Oh, yeah, right! After the Enforcement Bureau has falsely accused me of jamming; claimed that I had "bad character" despite having absolutely no legal basis for such a claim; wrongfully tried to force me to come to Washington, D.C. to defend my renewal and, when I pointed out their illegal activity to the ALJ, dropped my case, SURE!! I'm going to jump right up and volunteer to help the good old FCC!!

They have got to be kidding! Any ham who would help a rotten organization like the Commission has got to have rocks in his head!
RE: FCC Calls Amateur Radio Service for Assistance  
by K4RAF on December 16, 2008 Mail this to a friend!
This is too funny to ignore. Sorry but the only things "digital" in amateur radio today are AX.25 (25+ years old) & PSK31 (1999). There have been no recent advances & the tests have been dumbed down to the point that Extras can't figure out how to tune an RF power amplifier properly.

Wi-Fi & wireless broadband have been ignored by the amateur community as a whole, even as kids run circles around hams. SLOW-SCAN TV (essentially 1970's FAX) is as "advanced" as the amateur community can claim in the video realm, no streaming & very, very little FAST-SCAN activity with NTSC analog. We are lucky to have VoIP with overbearing CONTROL...

How in the world does the FCC expect amateurs to "assist" anyone as some sort of "experts" when amateurs themselves are mostly clueless about the digital world speeding around & past them?

FCC is guilty of Absurdity; with intent to distribute...
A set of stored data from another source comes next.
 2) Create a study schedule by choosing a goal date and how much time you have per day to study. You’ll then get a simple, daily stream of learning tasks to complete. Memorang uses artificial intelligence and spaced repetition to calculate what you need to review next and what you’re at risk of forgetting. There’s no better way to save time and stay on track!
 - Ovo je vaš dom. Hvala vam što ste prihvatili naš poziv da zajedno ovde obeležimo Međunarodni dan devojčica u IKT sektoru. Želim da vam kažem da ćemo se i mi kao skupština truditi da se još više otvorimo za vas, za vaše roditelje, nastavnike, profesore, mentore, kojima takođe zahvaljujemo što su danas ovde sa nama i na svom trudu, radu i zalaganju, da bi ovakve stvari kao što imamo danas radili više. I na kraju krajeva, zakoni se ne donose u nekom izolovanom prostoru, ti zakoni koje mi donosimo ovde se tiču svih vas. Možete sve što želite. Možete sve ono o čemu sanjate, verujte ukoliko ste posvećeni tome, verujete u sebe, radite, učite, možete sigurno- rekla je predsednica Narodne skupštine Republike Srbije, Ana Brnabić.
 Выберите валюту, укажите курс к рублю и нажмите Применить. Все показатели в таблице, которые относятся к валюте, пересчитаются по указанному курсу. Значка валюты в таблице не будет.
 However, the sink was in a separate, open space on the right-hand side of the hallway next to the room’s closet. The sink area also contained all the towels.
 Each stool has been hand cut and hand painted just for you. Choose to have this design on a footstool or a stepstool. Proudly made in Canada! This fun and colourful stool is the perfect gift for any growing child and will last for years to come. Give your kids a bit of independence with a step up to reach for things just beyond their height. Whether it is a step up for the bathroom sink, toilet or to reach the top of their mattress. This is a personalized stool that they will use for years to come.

FCC Calls Amateur Radio Service for Assistance wit  
by KE4ZHN on December 16, 2008 Mail this to a friend!
Heres an idea. How about if the FCC hires a new enforcer that isnt blind, deaf and dumb to actual facts like RH was and maybe then the amateur community will help them spread the word about DTV. The FCC has all but washed its hands of amateur radio, yet they expect us to help them do a job they have people being paid tax dollars to do? I dont think so.
FCC Calls Amateur Radio Service for Assistance wit  
by KC0RBX on December 21, 2008 Mail this to a friend!
There is give and take in every facet of this world. Give a little here, get a little there. We are members of the Amateur Radio Service. This "service" was enacted by the Federal Government. The government didn't label it The Amateur Radio Hobby. At first reading, the thought that crossed my mind was to tell the FCC to cram it. This is their mess, let them clean it up. However, this being a service, we are being called upon by our country to help out in a way which we didn't really expect. The government lets us use a certain amount of the spectrum which they really, technically, don't have to. Now, we know that it is beneficial to them and the country to have a vast communications pool from which to draw if the you know what hits the fan. In return, we get to use some of the spectrum to get our geek fix. But, the government didn't have to do it that way. They could have mandated that all of that spectrum be for commercial or government use and they would then hire those people they need to fill the government space. The government was smart in seeing that we were building and buying all of our own equipment so they didn't have to. When I upgraded my license from Technician to General they didn't give a license with more rights, they gave me a license with more privileges. A privilege is something that can be taken away, albeit easier than a right, these days. So, having said all this, I believe the government is testing us a little by seeing if we will put up or shut up. We love to bitch and moan about BPL and other incursions into our territory. They want to see if it is worth having us around or if it might just be better to boot this service in favor of some other allocation. If we can prove to be worth while to have around, they might let us keep our space. A stroke of the pen and we ALL own nothing BUT boat anchors, boys. We ain't in the Bill of Rights, we're in a li'l ol' rule book.